Unnamed: 0,State,Registration Count
0,Alabama,4750
1,Alaska,1290
2,Arizona,40740
3,Arkansas,2390
4,California,563070
5,Colorado,37000
6,Connecticut,13350
7,Delaware,3010
8,District of Columbia,3700
9,Florida,95640


# Pre-processing

In [None]:
# drop last row
vehicle_df=vehicle_df[vehicle_df['State']!='United States']

# drop Methanol column, all 0
vehicle_df.drop(columns='Methanol', inplace=True)

# rename column
vehicle_df.rename(columns={'State':'state'}, inplace=True)
vehicle_df.rename(columns={'Electric (EV)':'ev'}, inplace=True)
vehicle_df.rename(columns={'Plug-In Hybrid Electric (PHEV)':'phev'}, inplace=True)
vehicle_df.rename(columns={'Hybrid Electric (HEV)':'hev'}, inplace=True)
vehicle_df.rename(columns={'Biodiesel':'biodiesel'}, inplace=True)
vehicle_df.rename(columns={'Ethanol/Flex (E85)':'e85'}, inplace=True)
vehicle_df.rename(columns={'Compressed Natural Gas (CNG)':'cng'}, inplace=True)
vehicle_df.rename(columns={'Propane':'propane'}, inplace=True)
vehicle_df.rename(columns={'Hydrogen':'hydrogen'}, inplace=True)
vehicle_df.rename(columns={'Gasoline':'gasoline'}, inplace=True)
vehicle_df.rename(columns={'Diesel':'diesel'}, inplace=True)

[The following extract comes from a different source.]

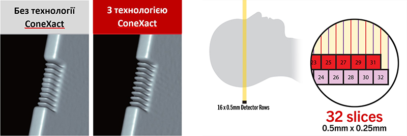 Унікальна технологія coneXact™ дозволяє подвоювати число зрізів даних з одного ряду детектора. Таким чином на базі 80-рядного детектора отримуються 160 зрізів. Це підвищує роздільну здатність без збільшення дози.

evreg_df.rename(columns={'State':'state'}, inplace=True)
evreg_df.rename(columns={' Registration Count ':'registration_count'}, inplace=True)

# Transform to state code

In [None]:
us_state_to_abbrev = {
    "Alabama": "AL",
    "Alaska": "AK",
    "Arizona": "AZ",
    "Arkansas": "AR",
    "California": "CA",
    "Colorado": "CO",
    "Connecticut": "CT",
    "Delaware": "DE",
    "Florida": "FL",
    "Georgia": "GA",
    "Hawaii": "HI",
    "Idaho": "ID",
    "Illinois": "IL",
    "Indiana": "IN",
    "Iowa": "IA",
    "Kansas": "KS",
    "Kentucky": "KY",
    "Louisiana": "LA",
    "Maine": "ME",
    "Maryland": "MD",
    "Massachusetts": "MA",
    "Michigan": "MI",
    "Minnesota": "MN",
    "Mississippi": "MS",
    "Missouri": "MO",
    "Montana": "MT",
    "Nebraska": "NE",
    "Nevada": "NV",
    "New Hampshire": "NH",
    "New Jersey": "NJ",
    "New Mexico": "NM",
    "New York": "NY",
    "North Carolina": "NC",
    "North Dakota": "ND",
    "Ohio": "OH",
    "Oklahoma": "OK",
    "Oregon": "OR",
    "Pennsylvania": "PA",
    "Rhode Island": "RI",
    "South Carolina": "SC",
    "South Dakota": "SD",
    "Tennessee": "TN",
    "Texas": "TX",
    "Utah": "UT",
    "Vermont": "VT",
    "Virginia": "VA",
    "Washington": "WA",
    "West Virginia": "WV",
    "Wisconsin": "WI",
    "Wyoming": "WY",
    # "District of Columbia": "DC",
    # "American Samoa": "AS",
    # "Guam": "GU",
    # "Northern Mariana Islands": "MP",
    # "Puerto Rico": "PR",
    # "United States Minor Outlying Islands": "UM",
    # "U.S. Virgin Islands": "VI",
}
    
# invert the dictionary
abbrev_to_us_state = dict(map(reversed, us_state_to_abbrev.items()))

In [None]:
vehicle_df['state']=vehicle_df['state'].apply(lambda x : us_state_to_abbrev[x])
evreg_df['state']=evreg_df['state'].apply(lambda x : us_state_to_abbrev[x])


In [None]:
# remove comma to avoid error when uploading to datbase(int type)
for col in ['ev','phev','hev','biodiesel','e85','cng','propane','hydrogen','gasoline','diesel']:
  vehicle_df[col]=vehicle_df[col].apply(lambda x: x.replace(",", ""))

evreg_df['registration_count']=evreg_df['registration_count'].apply(lambda x: x.replace(",", ""))

In [None]:
vehicle_df

Unnamed: 0,state,ev,phev,hev,biodiesel,e85,cng,propane,hydrogen,gasoline,diesel
0,AL,4700,3300,42500,40500,449500,500,100,0,4051000,123500
1,AK,1300,500,7300,7600,50100,100,0,0,464200,31700
2,AZ,40700,15500,132200,51000,460400,900,900,0,5395300,191800
3,AR,2400,1800,26100,28700,290200,300,0,0,2241600,88800
4,CA,563100,315300,1355900,163600,1343200,12600,1500,11800,30512600,710500
5,CO,37000,16100,113600,53800,346700,600,100,0,4456600,208400
6,CT,13300,9200,55400,8800,140700,400,0,0,2578400,44300
7,DE,3000,2000,16700,4100,67400,100,0,0,796400,14600
8,DC,3700,2500,16100,300,17400,100,0,0,278900,2100
9,FL,95600,32200,287000,129300,1154600,600,100,0,15595900,336900


In [None]:
evreg_df

Unnamed: 0,state,registration_count
0,AL,4750
1,AK,1290
2,AZ,40740
3,AR,2390
4,CA,563070
5,CO,37000
6,CT,13350
7,DE,3010
8,DC,3700
9,FL,95640


# Export CSV

In [None]:
vehicle_df.to_csv("ldv_registration_counts_2021.csv", index=False)
evreg_df.to_csv("ev_registration_counts.csv", index=False)

The csv file is then inserted into database using DataGrip.